Solrs supports load balancing of queries over multiple solr servers. There are 2 load balancers provided out of the box, a simple round robin LB and statistics based LB that selects the "fastest" server. If none of them is suitable for you, of course you can write your own load balancer by implementing io.ino.solrs.LoadBalancer.

Round Robin Load Balancer

The RoundRobinLB is a simple round robin load balancer. It load balances over a given list of solr server urls (if statically known), alternatively you can provide a SolrServers instance, which allows runtime resolution of solr server urls, e.g. by reading them from ZooKeeper (see Solr Cloud Support for more details).

To run solrs with a RoundRobinLB you have to pass it to the Builder

[java]

import io.ino.solrs.*;
import java.util.Arrays;

RoundRobinLB lb = RoundRobinLB.create(Arrays.asList("http://localhost:8983/solr/collection1", "http://localhost:8984/solr/collection1"));
JavaAsyncSolrClient solr = JavaAsyncSolrClient.builder(lb).build();

[scala]

import io.ino.solrs._
import io.ino.solrs.future.ScalaFutureFactory.Implicit

val lb = RoundRobinLB(IndexedSeq("http://localhost:8983/solr/collection1", "http://localhost:8984/solr/collection1"))
val solr = AsyncSolrClient.Builder(lb).build

Fastest Server Load Balancer

The FastestServerLB is a statistics based load balancer that classifies servers as "fast" and "slow" servers (based on their latest average response time) and selects one of the "fast" servers (round robin) when asked for one. This is useful e.g. when some solr server is currently performing major GC, or when for some nodes network latency is increased (temporary or permanent).

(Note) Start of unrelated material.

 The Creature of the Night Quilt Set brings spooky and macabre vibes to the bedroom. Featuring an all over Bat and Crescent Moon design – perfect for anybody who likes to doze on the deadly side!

The latest average response time is determined in the following order (the first found measure is used):

  1. currently still running requests (if they're lasting longer than previous, already completed requests)
  2. average response time of the current or the previous second
  3. average response time of the last ten seconds
  4. total average resonse time

The response time is measured using a configured test query (per collection). A dedicated test query is used, because user queries can have very different performance characteristics, so that most often it would even be hard for an application to classify them. With the dedicated test query you can control what is used to measure response time.

Servers are considered "fast" when the response time is <= the average response time of all servers. This is the default, you can also override this (by specifying a filterFastServers function).

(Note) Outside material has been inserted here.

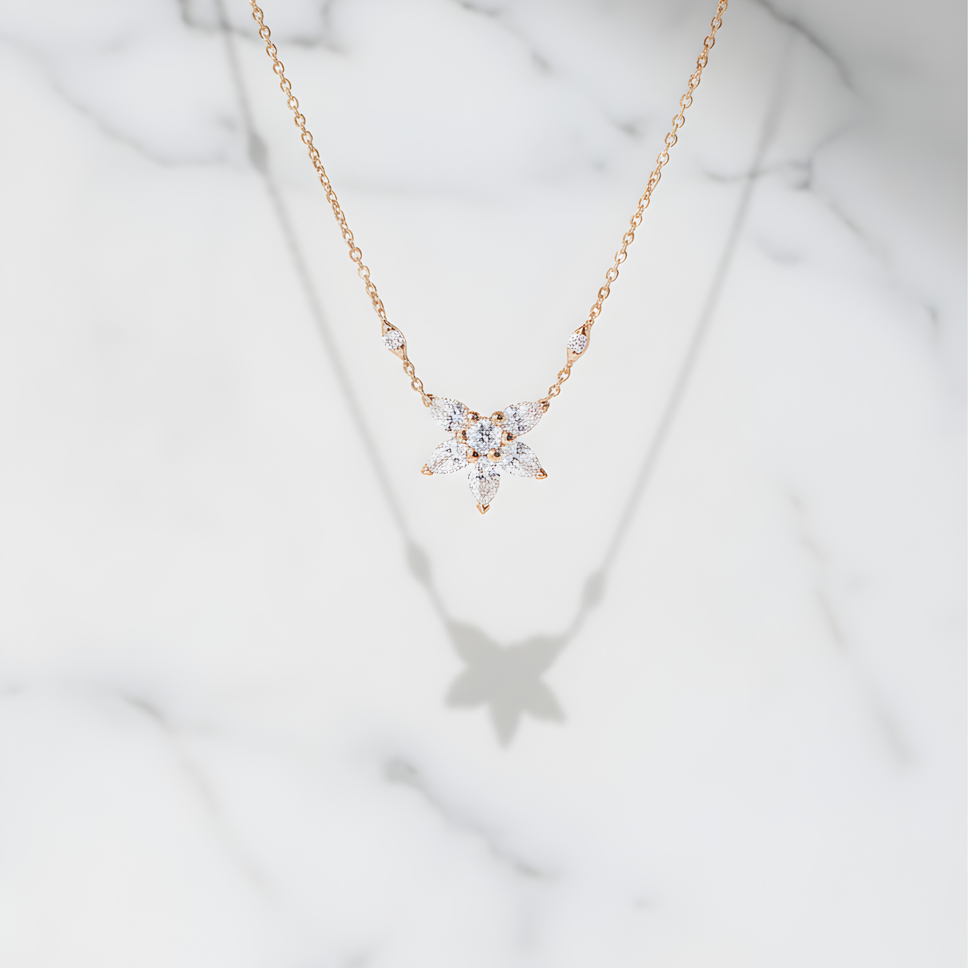 Ce collier en or rose dévoile un motif délicatement floral, composé de diamants taille brillant et poire finement assemblés. L’équilibre des formes et la douceur de l’or rose confèrent à la pièce une élégance lumineuse et contemporaine.

Because nobody likes log spamming and burning CPU time while everybody else is sleeping, the test query is not executed with a fixed rate.
For "fast" servers test queries are run whenever a request comes in, with a lower bound of minDelay (default: 100 millis). With high traffic this leads to high resolution statistics so that e.g. sub-second GC pauses should be detected.
For "slow" servers (response time > average) tests are run with a fixed maxDelay (default: 10 seconds), this is also the case for "fast" servers when there are no users queries in the meantime.

To have initial stats, after the FastestServerLB was created it runs the test queries several times (default: 10). This can be overridden with initialTestRuns.

FastestServerLB also exports stats via JMX (under object name io.ino.solrs:type=FastestServerLB), in case you're interested in this.

Here's a code sample of the FastestServerLB:

[java]

import io.ino.solrs.*;
import java.util.Arrays;
import scala.Tuple2;
import static java.util.concurrent.TimeUnit.*;

StaticSolrServers servers = StaticSolrServers.create(Arrays.asList("http://localhost:8983/solr/collection1", "http://localhost:8984/solr/collection1"));
Tuple2<String, SolrQuery> col1TestQuery = new Tuple2<>("collection1", new SolrQuery("*:*").setRows(0));
Function<SolrServer, Tuple2<String, SolrQuery>> collectionAndTestQuery = server -> col1TestQuery;
FastestServerLB<?> lb = FastestServerLB.builder(servers, collectionAndTestQuery)
    .withMinDelay(50, MILLISECONDS)
    .withMaxDelay(5, SECONDS)
    .withInitialTestRuns(50)
    .build();
JavaAsyncSolrClient solr = JavaAsyncSolrClient.builder(lb).build();

[scala]

import io.ino.solrs._
import scala.concurrent.duration._

val lb = {
  val servers = StaticSolrServers(IndexedSeq("http://localhost:8983/solr/collection1", "http://localhost:8984/solr/collection1"))
  val col1TestQuery = "collection1" -> new SolrQuery("*:*").setRows(0)
  def collectionAndTestQuery(server: SolrServer) = col1TestQuery
  new FastestServerLB(servers, collectionAndTestQuery, minDelay = 50 millis, maxDelay = 5 seconds, initialTestRuns = 50)
}
val solr = AsyncSolrClient.Builder(lb).build

Solr Cloud / ZooKeeper Support

Solr Cloud is supported by io.ino.solrs.CloudSolrServers, which is a SolrServers implementation (can be passed to RoundRobinLB/FastestServerLB).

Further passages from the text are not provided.